*Ne’er has a legitimate red carpet been so plush- and primly unrolled on the parking lot outside the Regal Montrose 12, if indeed a red carpet has ever been unrolled at the Regal Montrose 12 at all. The Regal Montrose 12 is a shopping-plaza cineplex on Akron’s northwesternmost edge, 40 minutes south of Cleveland during non-peak hours. It’s fashionable these days to characterize movie theaters of its ilk as “crumbling” because they have fewer screens and worse butter than your Valley Views and your Crocker Parks, but this one’s not-quite-literally crumbling. Exterior-wise, it’s got one of those chintzy, Art Deco-ish skyline facades and “REGAL” arranged vertically in red letters above and perpendicular to the marquee.
*Which marquee, this afternoon, has been fully commandeered by Trainwreck
signage, signage for the Akron screening specifically. “Akron, Ohio” and “#Ipromise,” in what looks to me, at first blush, like the same Comic-Sansian font used in the serial comic strip Frazz
, are all over the place.
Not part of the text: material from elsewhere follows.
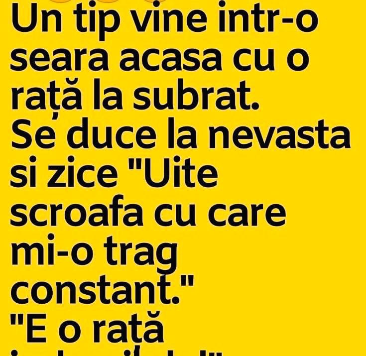 Un tip vine intr-o seara acasa cu o rață la subrat.Se duce la nevasta si zice “Uite scroafa cu care mi-o trag constant.”“E o rață imbecilule!”, raspunde ea.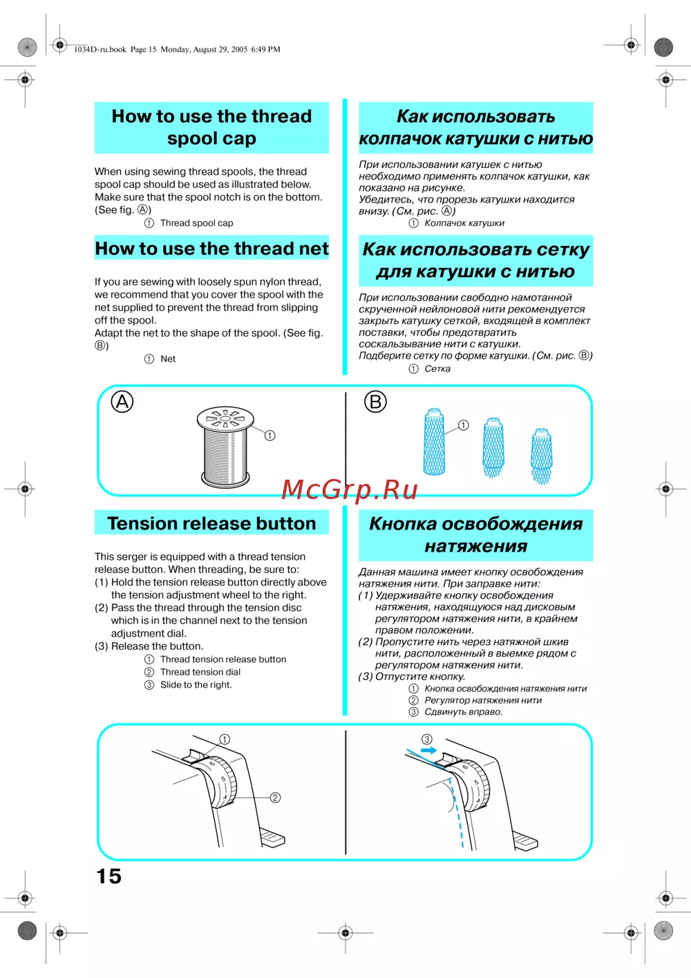 Brother 1034 D [22/68] Кнопка освобождения натяжения

The Trainwreck
marquee signs are the same semi-rigid plastic of which ads on public transit are composed. The vast, LeBron-centric banners draped on both sides of the entrance recall billboards a lot more readily than they recall standard bedroom movie posters and they neither whip nor flap because there is no breeze. It’s 3:55 p.m. and I’ve arrived early for the 5:00 p.m. press call and the 6:30 p.m. celeb arrival to soak up what I’ve decided to call the Atmosphere.
*#Ipromise = “I promise never to forget where I came from,” the LeBron James Family Foundation tagline designed to remind us all that LeBron is still real gung-ho about material and symbolic support for the people of his hometown. Judd Apatow, Amy Schumer, Bill Hader, and Orange High School grad Vanessa Bayer (Schumer’s colleague and chum in the film) are all slated to attend this evening’s shindig, and they’ve made no bones on social media about the fact that they’ve agreed to come at King James’ personal behest.
*If a swashbuckling, B-roll-conscious cameraman were to stand at the Regal Montrose 12’s front doors and pan slowly right, he would capture, in sequence, the beige, soulless storefronts of the following block retailers: World Market, Dick’s Sporting Goods, Staples, JCPenney, Levin Furniture. (#Atmosphere.)
*Most of the talk before the celebrities arrive, among the organizers from Allied Media, one of Northeast Ohio’s two big PR outfits that handle Hollywood stuff, and the LBJFF, revolve around the placement of media personnel. The disposal of lingering ladders, the battery life of certain unseen GoPros, and the audio range of the speakers — from which, at 5:00 p.m., all 40 of the Top 40 will no doubt rain upon the faithful pilgrims who will have assembled (and verily, are already assembling), donned in smartest Cavs’ apparel, to see with their own two Akron eyes LeBron James himself and the principal cast of the film — that’s all quickly dealt with and disposed of. Much more pressing for the people holding clipboards is the fact that, as reps from more and more media outlets arrive and coagulate within the cramped press quadrant, demarcated by stanchion and red velvet rope, it’s looking less and less like an adequate place to conduct anything resembling an interview.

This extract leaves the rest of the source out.